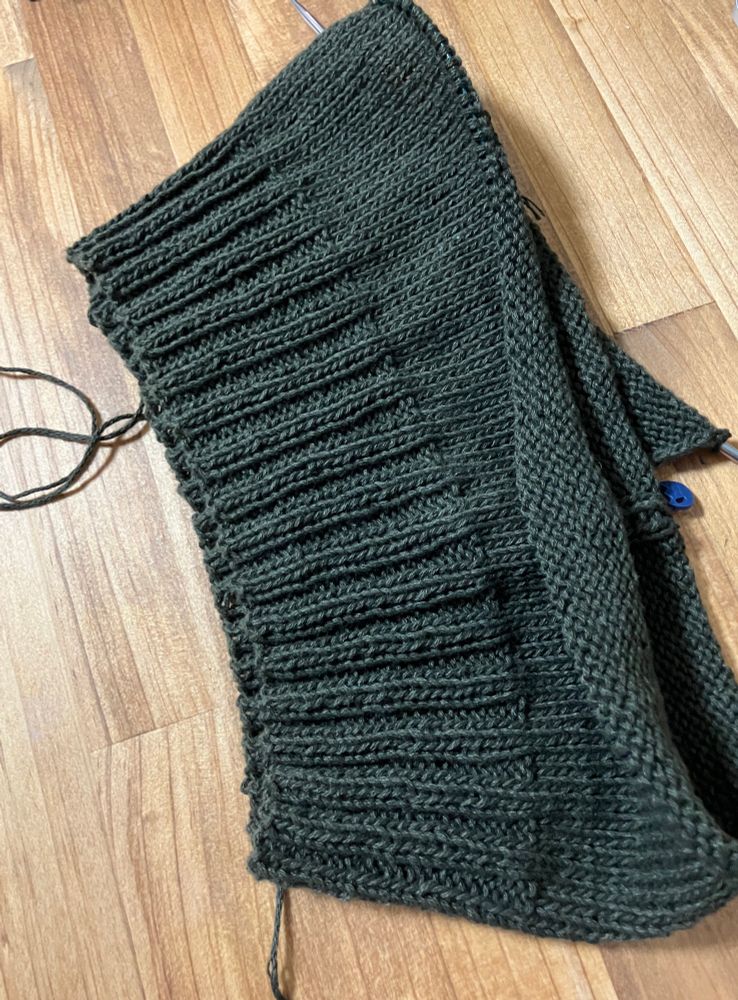 2段前の模様編みを間違えていたのを発見してしまいすんごい失速してしまった。この土日に巻き返すぞ…!
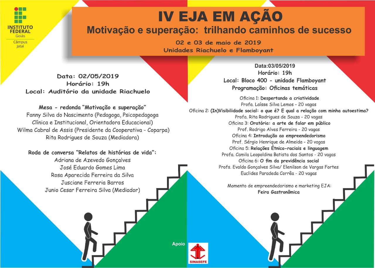 O Instituto Federal de Goiás – (IFG) Câmpus Jataí e o Sinasefe Jataí promovem nos dias dois e três de maio a IV edição do EJA em Ação, cujo tema é “Motivação e superação: trilhando os caminhos do sucesso”. O evento é uma iniciativa da coordenação do curso de Secretariado em parceria com o sindicato dos servidores do Instituto e visa promover a integração entre os estudantes do curso e o fortalecimento da área acadêmica correlata.
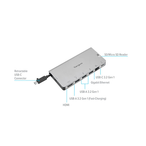 The Targus DOCK414AP USB-C Travel Docking Station With 3 USB-A 3.2 Gen 1 ports (1 fast-charging) and 1 USB-C 3.2 Gen 1 port, you can increase your productivity and connect to additional devices. This slim and light dock is ideal for use at home, the workplace, or anywhere in between. Excellent for mobile personnel as well as those who work in hotels or hot-desking environments.
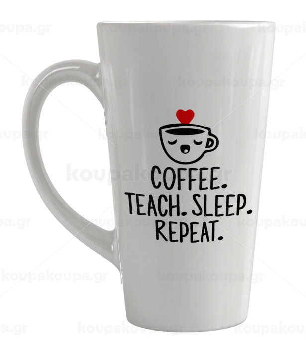 Coffee Teach Sleep Repeat, Κούπα κωνική Latte Μεγάλη, κεραμική, 450ml
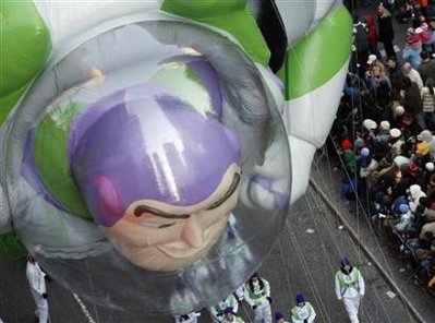 The Buzz Lightyear balloon makes its way through Times Square during the Macy's Thanksgiving Day Parade in New York, November 27, 2008.
□ □ □ □ □ □ □
PROBLEM >>
Write out each entry word for word, images excluded.

TASK SOLUTION >>
 2段前の模様編みを間違えていたのを発見してしまいすんごい失速してしまった。この土日に巻き返すぞ…!
 O Instituto Federal de Goiás – (IFG) Câmpus Jataí e o Sinasefe Jataí promovem nos dias dois e três de maio a IV edição do EJA em Ação, cujo tema é “Motivação e superação: trilhando os caminhos do sucesso”. O evento é uma iniciativa da coordenação do curso de Secretariado em parceria com o sindicato dos servidores do Instituto e visa promover a integração entre os estudantes do curso e o fortalecimento da área acadêmica correlata.
 The Targus DOCK414AP USB-C Travel Docking Station With 3 USB-A 3.2 Gen 1 ports (1 fast-charging) and 1 USB-C 3.2 Gen 1 port, you can increase your productivity and connect to additional devices. This slim and light dock is ideal for use at home, the workplace, or anywhere in between. Excellent for mobile personnel as well as those who work in hotels or hot-desking environments.
 Coffee Teach Sleep Repeat, Κούπα κωνική Latte Μεγάλη, κεραμική, 450ml
 The Buzz Lightyear balloon makes its way through Times Square during the Macy's Thanksgiving Day Parade in New York, November 27, 2008.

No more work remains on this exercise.